▶ **THE TASK**
When writing out the entries below, keep only the lines from the line with "सेवा पखवाड़ा के" to the line with "4月28日正式录制,我校学子", both included, exactly as they are, and leave the pictures aside.

▶ **DATA TO EXAMINE**

________

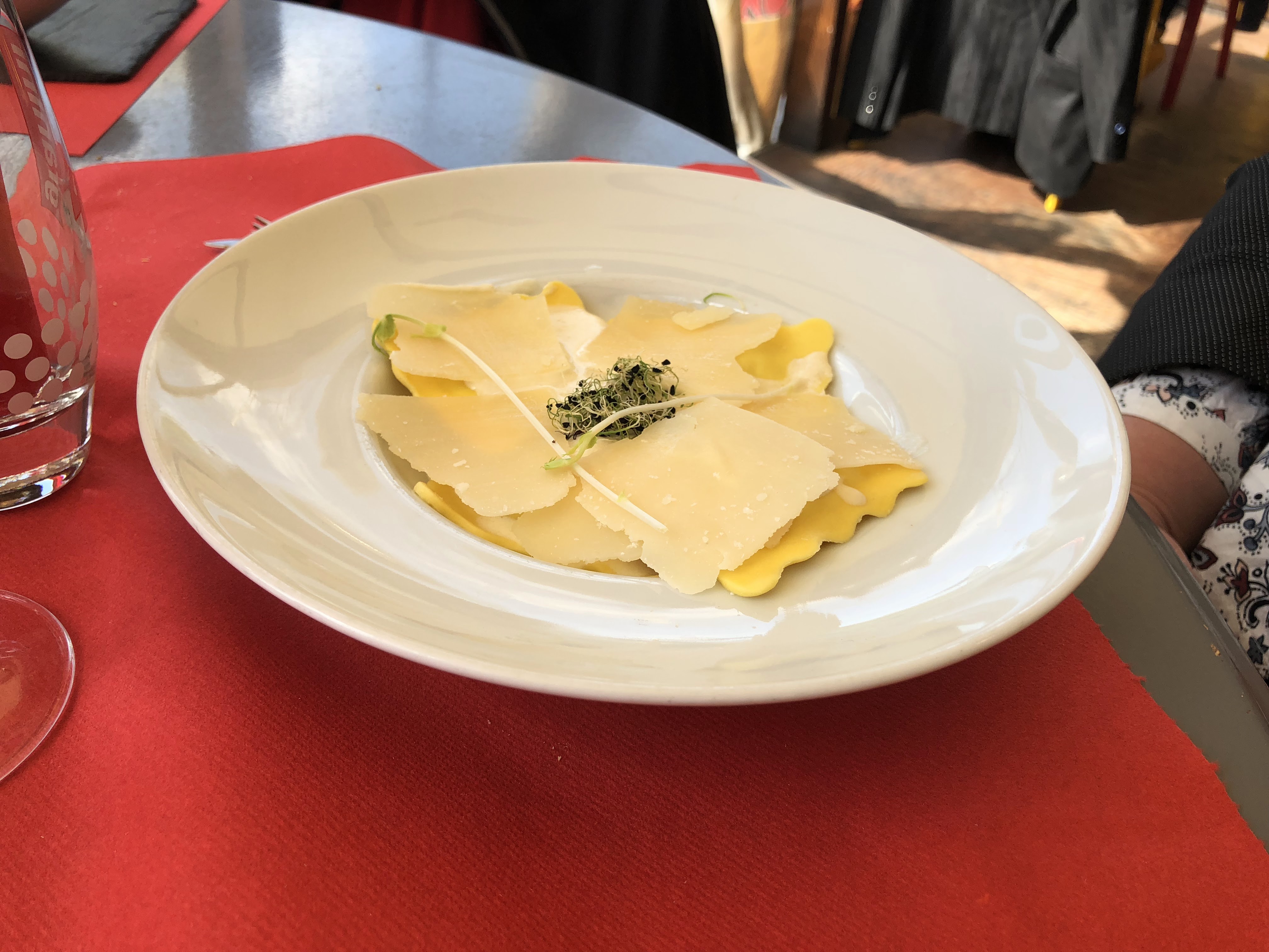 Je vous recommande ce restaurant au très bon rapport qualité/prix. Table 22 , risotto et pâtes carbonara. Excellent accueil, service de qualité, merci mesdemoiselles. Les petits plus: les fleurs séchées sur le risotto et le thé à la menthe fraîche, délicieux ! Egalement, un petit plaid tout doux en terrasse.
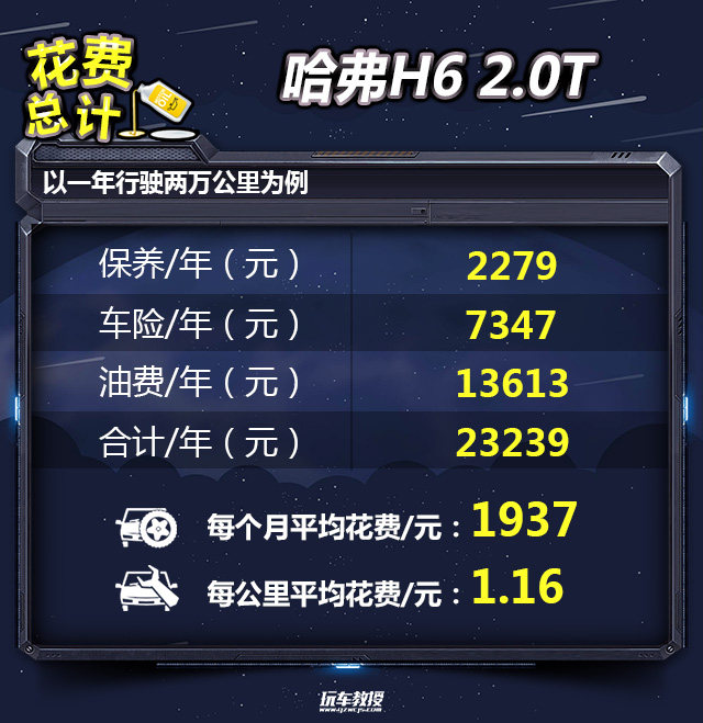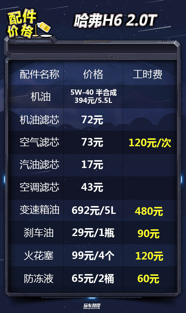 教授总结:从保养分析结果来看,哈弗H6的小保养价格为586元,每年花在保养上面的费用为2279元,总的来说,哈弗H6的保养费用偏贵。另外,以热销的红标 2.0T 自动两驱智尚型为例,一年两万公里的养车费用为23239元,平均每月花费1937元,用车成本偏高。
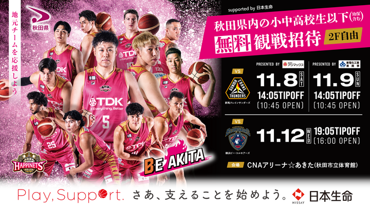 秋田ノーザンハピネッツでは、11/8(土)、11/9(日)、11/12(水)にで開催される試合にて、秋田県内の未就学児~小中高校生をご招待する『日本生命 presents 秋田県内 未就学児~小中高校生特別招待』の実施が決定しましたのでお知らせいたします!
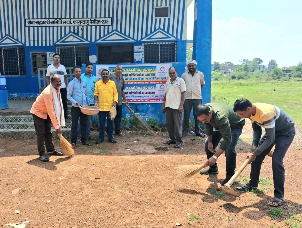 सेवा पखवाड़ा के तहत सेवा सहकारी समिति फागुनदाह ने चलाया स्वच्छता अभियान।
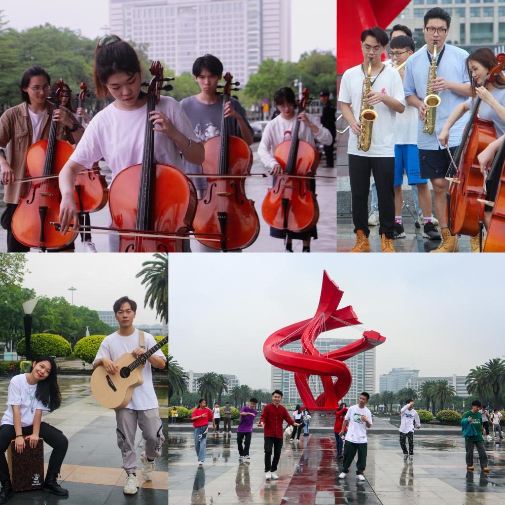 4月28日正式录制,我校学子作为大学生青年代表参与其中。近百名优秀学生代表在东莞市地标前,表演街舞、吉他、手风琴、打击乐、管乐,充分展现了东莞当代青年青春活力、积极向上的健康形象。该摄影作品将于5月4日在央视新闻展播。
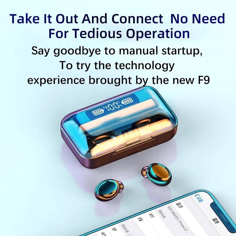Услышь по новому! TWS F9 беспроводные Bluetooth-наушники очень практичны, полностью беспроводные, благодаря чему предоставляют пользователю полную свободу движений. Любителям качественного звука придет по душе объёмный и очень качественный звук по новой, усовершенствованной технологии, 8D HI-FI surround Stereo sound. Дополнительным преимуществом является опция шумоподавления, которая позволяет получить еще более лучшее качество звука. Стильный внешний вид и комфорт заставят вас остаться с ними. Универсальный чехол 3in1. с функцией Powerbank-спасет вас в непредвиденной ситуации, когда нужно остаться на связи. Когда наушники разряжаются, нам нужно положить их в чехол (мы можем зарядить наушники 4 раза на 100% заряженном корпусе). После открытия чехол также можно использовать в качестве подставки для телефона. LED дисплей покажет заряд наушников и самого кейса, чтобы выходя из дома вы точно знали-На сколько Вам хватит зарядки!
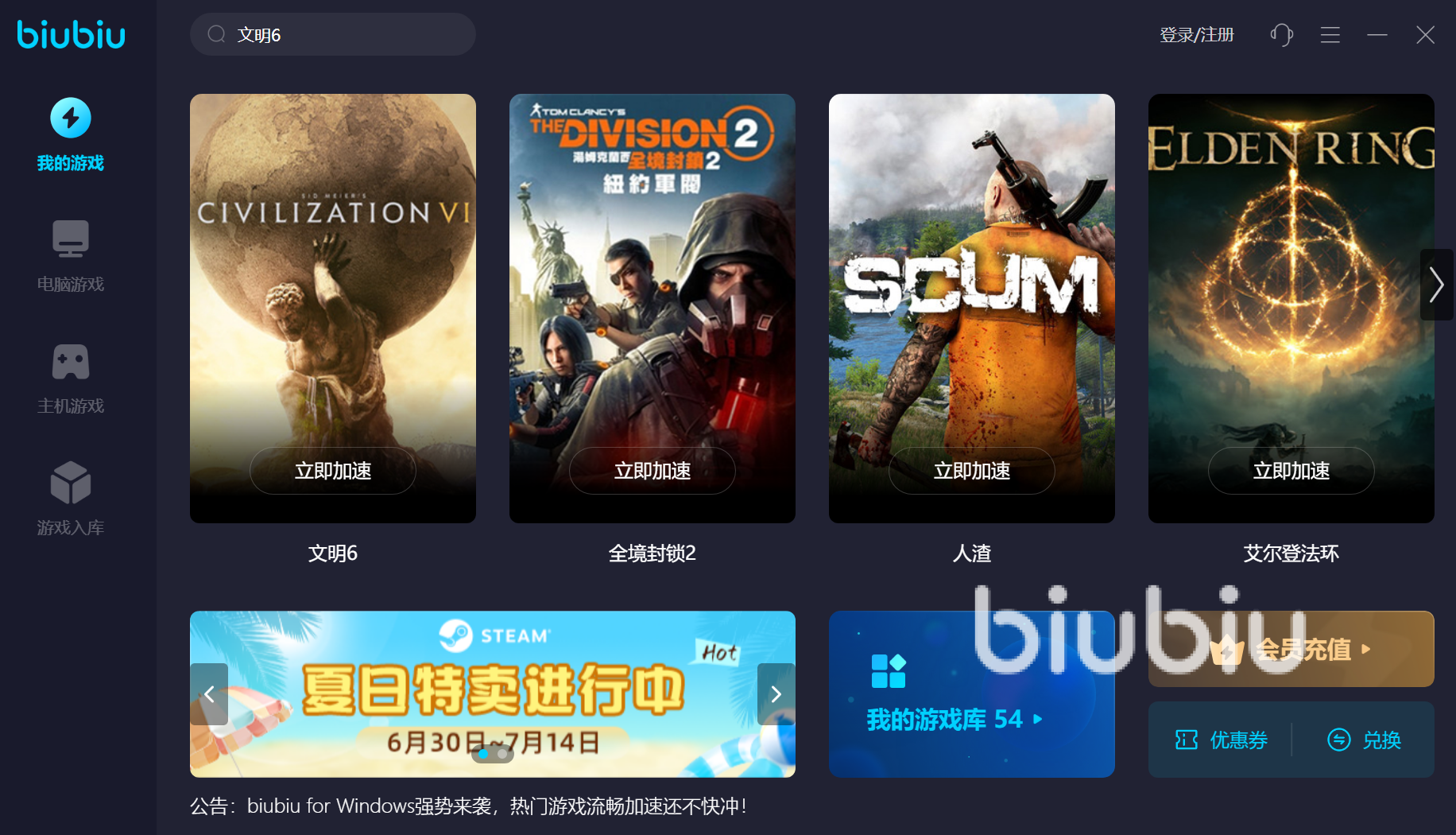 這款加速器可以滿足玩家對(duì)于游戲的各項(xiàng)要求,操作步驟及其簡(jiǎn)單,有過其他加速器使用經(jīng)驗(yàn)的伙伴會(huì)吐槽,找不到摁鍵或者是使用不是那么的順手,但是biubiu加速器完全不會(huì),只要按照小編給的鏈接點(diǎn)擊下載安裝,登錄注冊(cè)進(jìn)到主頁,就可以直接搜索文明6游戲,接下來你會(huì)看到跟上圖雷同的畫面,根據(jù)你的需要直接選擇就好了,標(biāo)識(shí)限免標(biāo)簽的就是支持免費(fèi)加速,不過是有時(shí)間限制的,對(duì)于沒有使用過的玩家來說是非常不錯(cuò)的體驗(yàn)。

________

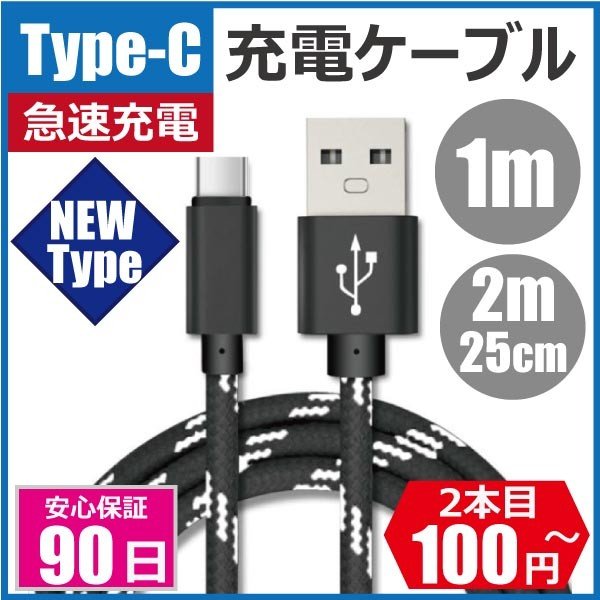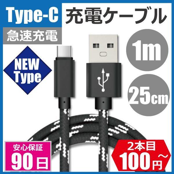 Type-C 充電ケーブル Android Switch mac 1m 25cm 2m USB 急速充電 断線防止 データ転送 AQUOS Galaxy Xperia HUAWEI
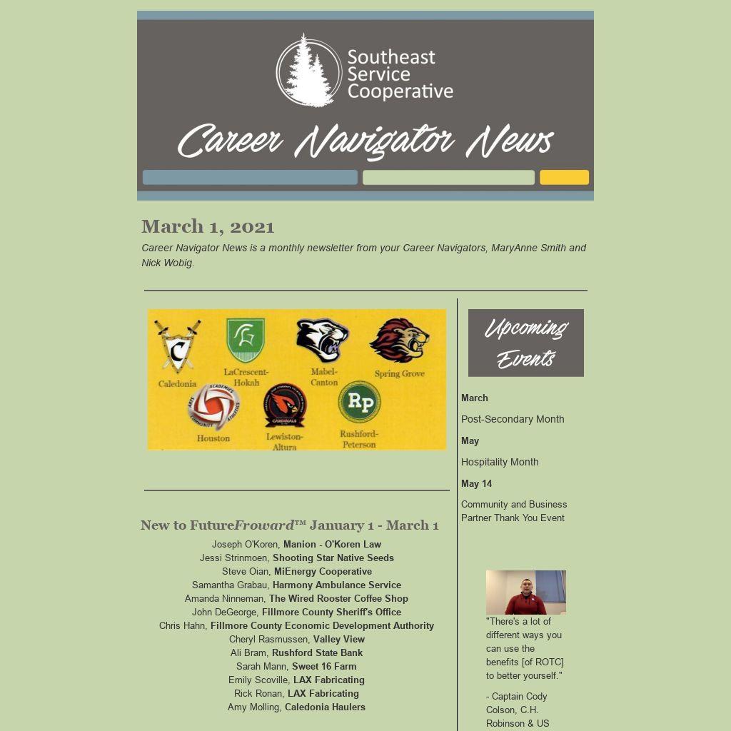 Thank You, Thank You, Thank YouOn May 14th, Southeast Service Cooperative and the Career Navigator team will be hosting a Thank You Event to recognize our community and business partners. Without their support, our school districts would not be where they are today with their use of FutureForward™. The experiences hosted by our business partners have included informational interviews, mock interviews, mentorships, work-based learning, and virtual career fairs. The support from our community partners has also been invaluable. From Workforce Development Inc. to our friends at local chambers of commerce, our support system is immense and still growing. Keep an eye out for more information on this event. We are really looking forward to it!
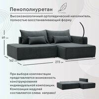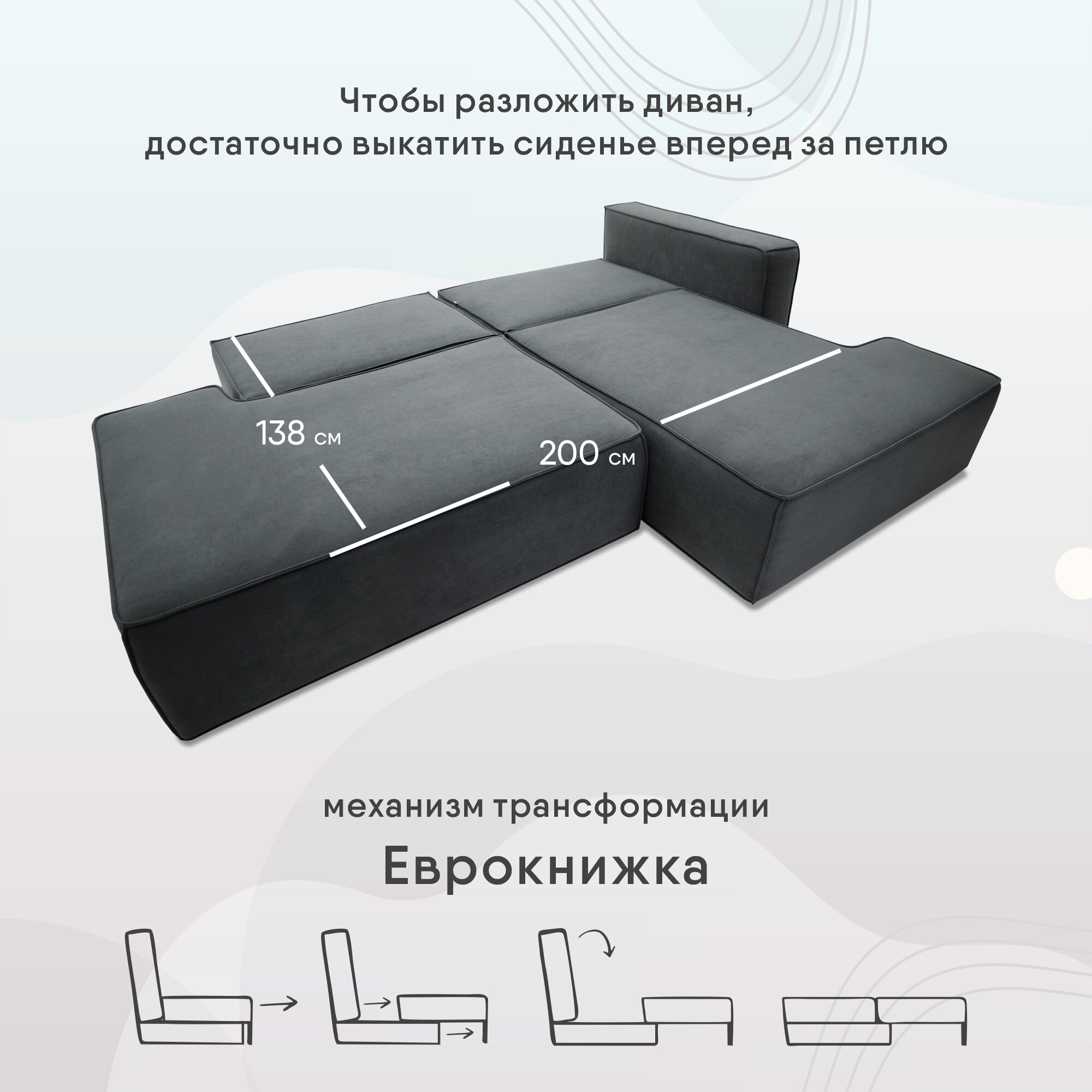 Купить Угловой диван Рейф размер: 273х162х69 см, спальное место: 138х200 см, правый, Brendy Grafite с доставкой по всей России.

________

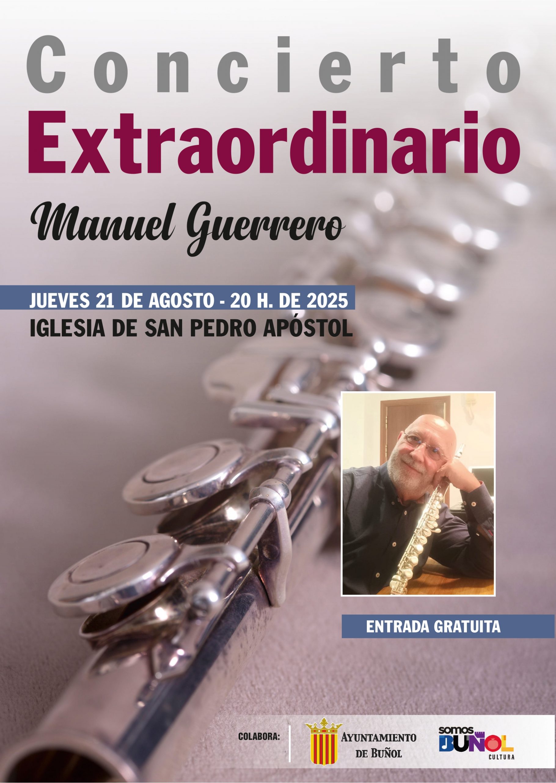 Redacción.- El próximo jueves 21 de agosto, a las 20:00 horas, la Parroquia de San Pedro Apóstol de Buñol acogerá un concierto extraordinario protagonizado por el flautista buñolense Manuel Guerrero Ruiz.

________

▶ **COMPLETED TASK**
 सेवा पखवाड़ा के तहत सेवा सहकारी समिति फागुनदाह ने चलाया स्वच्छता अभियान।
 4月28日正式录制,我校学子作为大学生青年代表参与其中。近百名优秀学生代表在东莞市地标前,表演街舞、吉他、手风琴、打击乐、管乐,充分展现了东莞当代青年青春活力、积极向上的健康形象。该摄影作品将于5月4日在央视新闻展播。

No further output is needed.